Segment Start: INFORMATION SUPPLIED

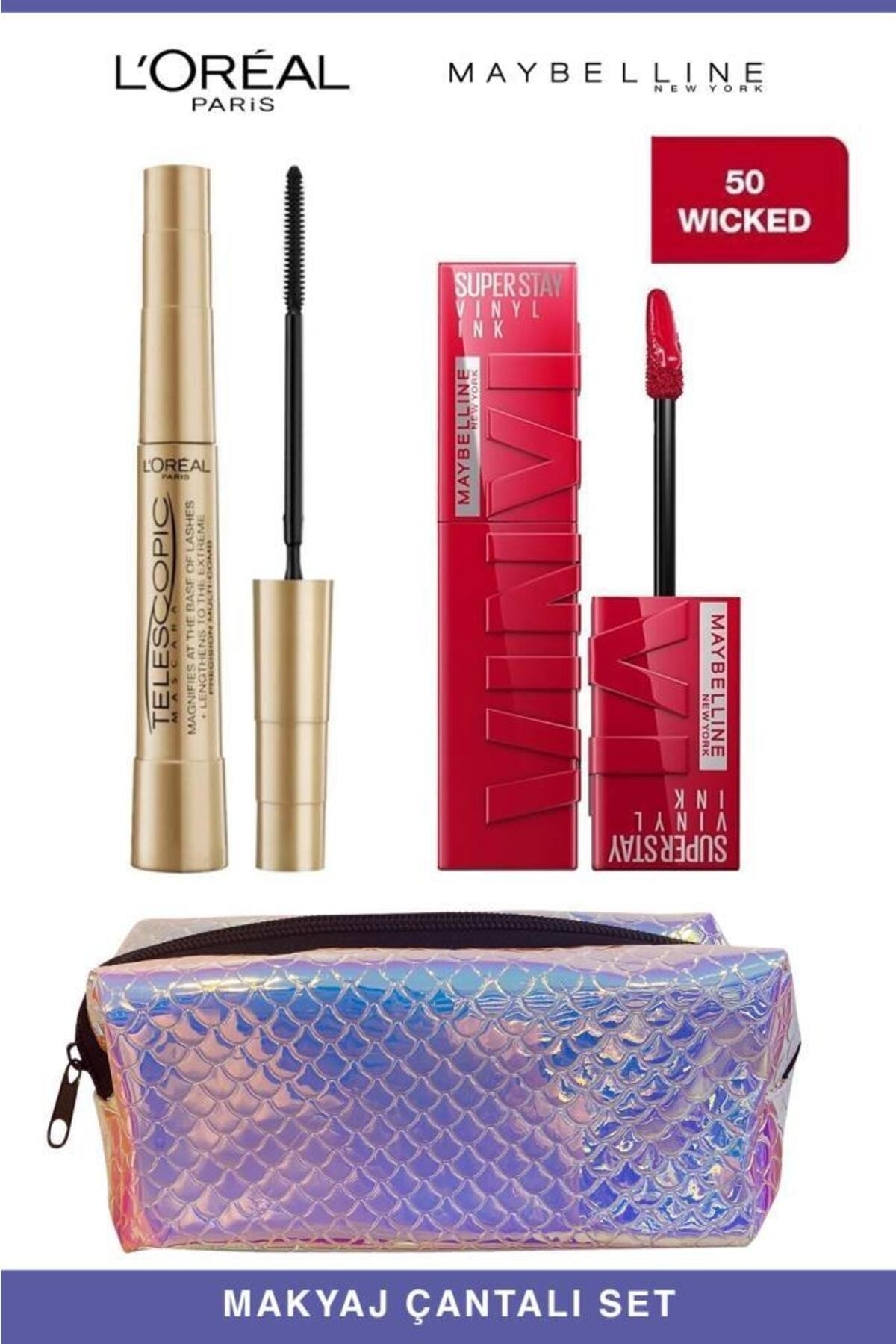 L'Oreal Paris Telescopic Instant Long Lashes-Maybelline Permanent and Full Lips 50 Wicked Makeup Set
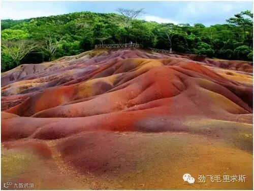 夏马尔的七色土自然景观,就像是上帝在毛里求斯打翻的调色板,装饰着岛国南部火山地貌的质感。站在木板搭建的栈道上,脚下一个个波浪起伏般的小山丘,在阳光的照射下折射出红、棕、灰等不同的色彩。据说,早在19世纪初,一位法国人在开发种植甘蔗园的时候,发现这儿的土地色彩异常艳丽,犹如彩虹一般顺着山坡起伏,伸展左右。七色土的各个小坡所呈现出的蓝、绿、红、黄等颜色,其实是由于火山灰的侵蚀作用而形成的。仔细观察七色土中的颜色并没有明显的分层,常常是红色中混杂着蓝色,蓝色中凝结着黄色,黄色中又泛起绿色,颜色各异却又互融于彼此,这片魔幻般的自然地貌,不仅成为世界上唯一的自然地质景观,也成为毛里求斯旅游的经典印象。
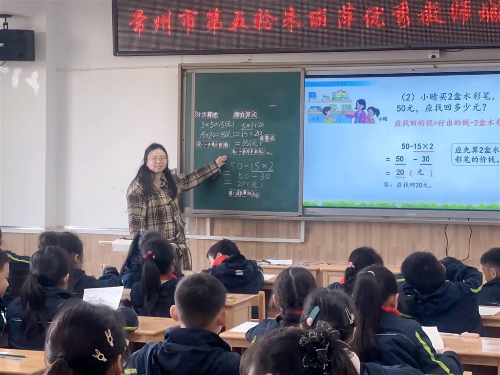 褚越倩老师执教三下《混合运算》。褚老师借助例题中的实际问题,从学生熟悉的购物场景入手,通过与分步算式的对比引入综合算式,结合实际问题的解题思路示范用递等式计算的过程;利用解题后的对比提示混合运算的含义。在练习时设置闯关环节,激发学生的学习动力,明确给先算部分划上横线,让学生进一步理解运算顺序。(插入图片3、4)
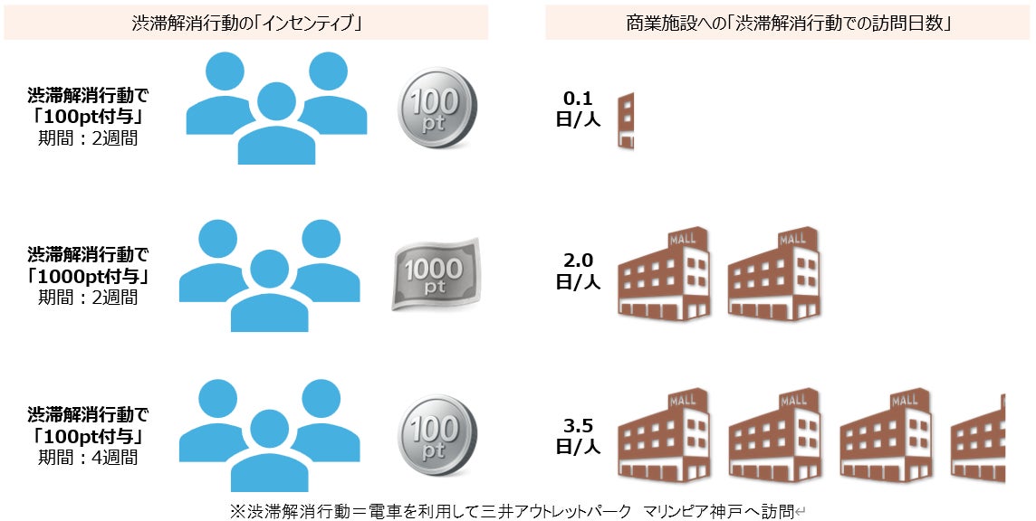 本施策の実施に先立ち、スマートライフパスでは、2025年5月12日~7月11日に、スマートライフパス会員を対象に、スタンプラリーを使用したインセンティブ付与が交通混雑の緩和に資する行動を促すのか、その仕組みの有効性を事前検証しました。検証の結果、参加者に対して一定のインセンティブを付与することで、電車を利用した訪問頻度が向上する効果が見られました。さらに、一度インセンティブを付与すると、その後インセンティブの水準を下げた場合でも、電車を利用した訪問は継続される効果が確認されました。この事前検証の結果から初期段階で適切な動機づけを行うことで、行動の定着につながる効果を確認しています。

Segment End: INFORMATION SUPPLIED

== EXERCISE GOAL ==
Drop the pictures, then reproduce exactly the lines from the one with "夏马尔的七色土自然景观,就像" through the final line of the listing.

== EXPECTED OUTPUT ==
 夏马尔的七色土自然景观,就像是上帝在毛里求斯打翻的调色板,装饰着岛国南部火山地貌的质感。站在木板搭建的栈道上,脚下一个个波浪起伏般的小山丘,在阳光的照射下折射出红、棕、灰等不同的色彩。据说,早在19世纪初,一位法国人在开发种植甘蔗园的时候,发现这儿的土地色彩异常艳丽,犹如彩虹一般顺着山坡起伏,伸展左右。七色土的各个小坡所呈现出的蓝、绿、红、黄等颜色,其实是由于火山灰的侵蚀作用而形成的。仔细观察七色土中的颜色并没有明显的分层,常常是红色中混杂着蓝色,蓝色中凝结着黄色,黄色中又泛起绿色,颜色各异却又互融于彼此,这片魔幻般的自然地貌,不仅成为世界上唯一的自然地质景观,也成为毛里求斯旅游的经典印象。
 褚越倩老师执教三下《混合运算》。褚老师借助例题中的实际问题,从学生熟悉的购物场景入手,通过与分步算式的对比引入综合算式,结合实际问题的解题思路示范用递等式计算的过程;利用解题后的对比提示混合运算的含义。在练习时设置闯关环节,激发学生的学习动力,明确给先算部分划上横线,让学生进一步理解运算顺序。(插入图片3、4)
 本施策の実施に先立ち、スマートライフパスでは、2025年5月12日~7月11日に、スマートライフパス会員を対象に、スタンプラリーを使用したインセンティブ付与が交通混雑の緩和に資する行動を促すのか、その仕組みの有効性を事前検証しました。検証の結果、参加者に対して一定のインセンティブを付与することで、電車を利用した訪問頻度が向上する効果が見られました。さらに、一度インセンティブを付与すると、その後インセンティブの水準を下げた場合でも、電車を利用した訪問は継続される効果が確認されました。この事前検証の結果から初期段階で適切な動機づけを行うことで、行動の定着につながる効果を確認しています。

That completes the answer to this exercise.